Dans aucun cas, ni ſous quelque prétexte que ce puiſſe être, les maîtres, qui auront emmené en France des eſclaves de l’un ou de l’autre ſexe, ne pourront les y affranchir autrement que par teſtament, & les affranchiſſemens ainsi faits ne pourront avoir lieu, qu’autant que le teſtateur décedera avant l’expiration des délais dans leſquels les eſclaves emmenés en France doivent être renvoyés dans les colonies.

XII.

Enjoigons à tous Ceux qui auront emmené des eſclaves dans le Royaume, auſſi qu’à ceux qui ſeront chargés de leur apprendre quelque métier, de donner leurs ſoins à ce qu’ils ſoient élevés & inſtruits dans les principes & dans l’exercice de la religion catholique apoſtolique & romaine.

XIII.

Notre Edit du mois d’Octobre mil ſept cent ſeize, ſera au ſur-plus exécuté ſuivant ſa forme & teneur, en ce qui n’y eſt dérogé par les préſentes.
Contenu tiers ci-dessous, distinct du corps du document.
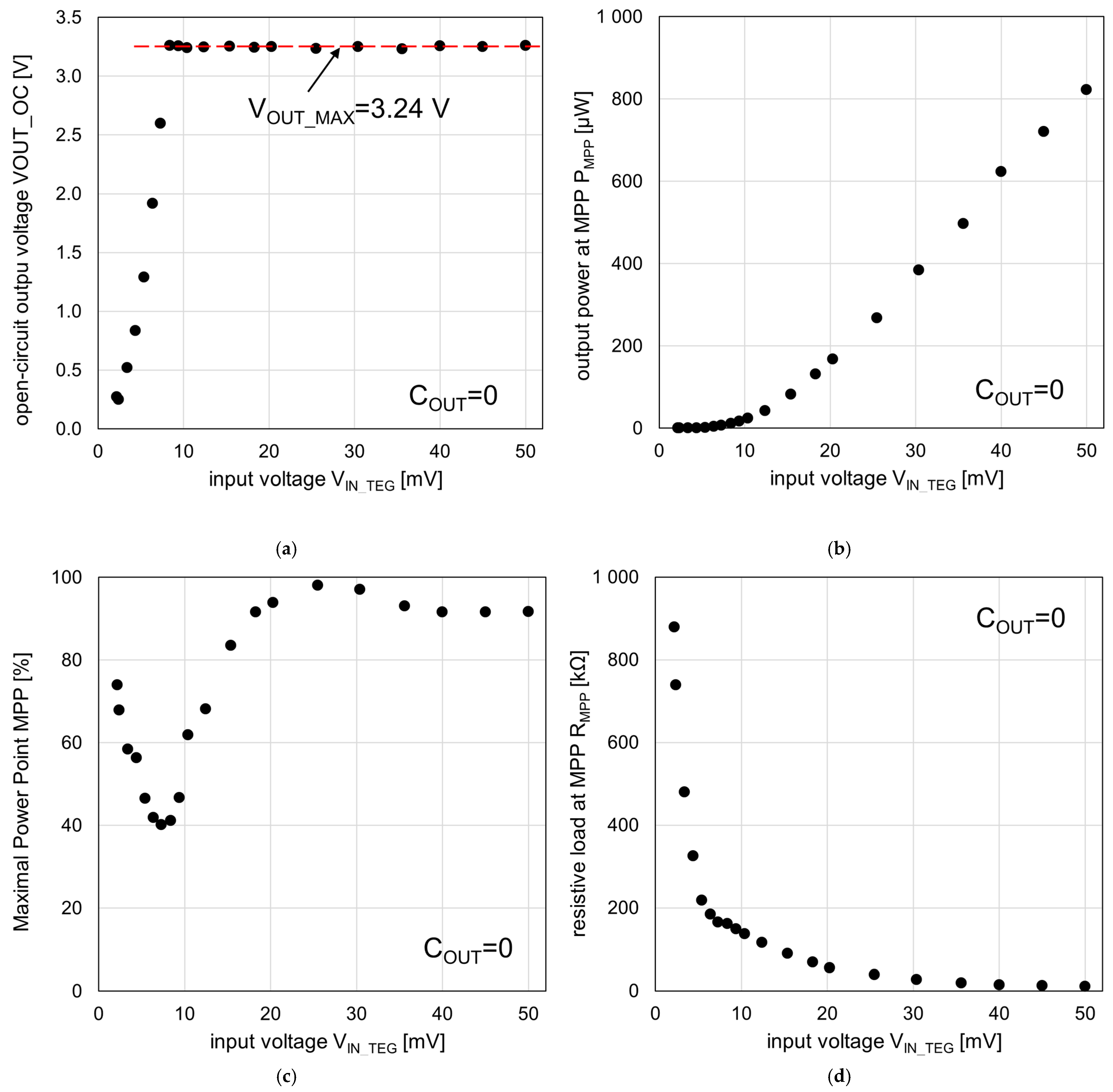 VIN_TEG < 8.4 mV, it is less than 11 μW. The MPP value (expressed as the percentage of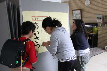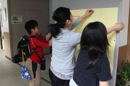 子どもたちが「自分たちからあいさつしよう。」と呼びかけています。

Si donnons en mandement à nos amés & Feaux Conſeillers les gens tenant notre Cour de Parlement à Aix, que ces préſentes ils ayent à faire lire, publier & enregiſtrer, & le contenu en icelles garder, obſerver & exécuter ſelon leur forme & teneur, nonobſbtant tous Edits, Ordonnances, Déclarations, Arrêts, Réglemens & uſages à ce contraires, auxquels nous avons dérogé & dérogeons par ceſdits préſentes ; aux copies deſquelles collationnées par l’un de nos amés & Feaux Conſeillers Secrétaires, voulons que foi ſoit ajoutée comme à l’original, car tel eſt notre plaiſir, en témoin de quoi nous avons fait mettre notre ſcel à ceſdites préſentes. Donné à Verſailles le quinzième jour de Décembre l’an de grâce mil ſept cent trente-huit, & de notre regne le vingt-quatrieme. Signé LOUIS. Et plus bas. Par le Roi, Comte de Provence. Signé Phelypeaux.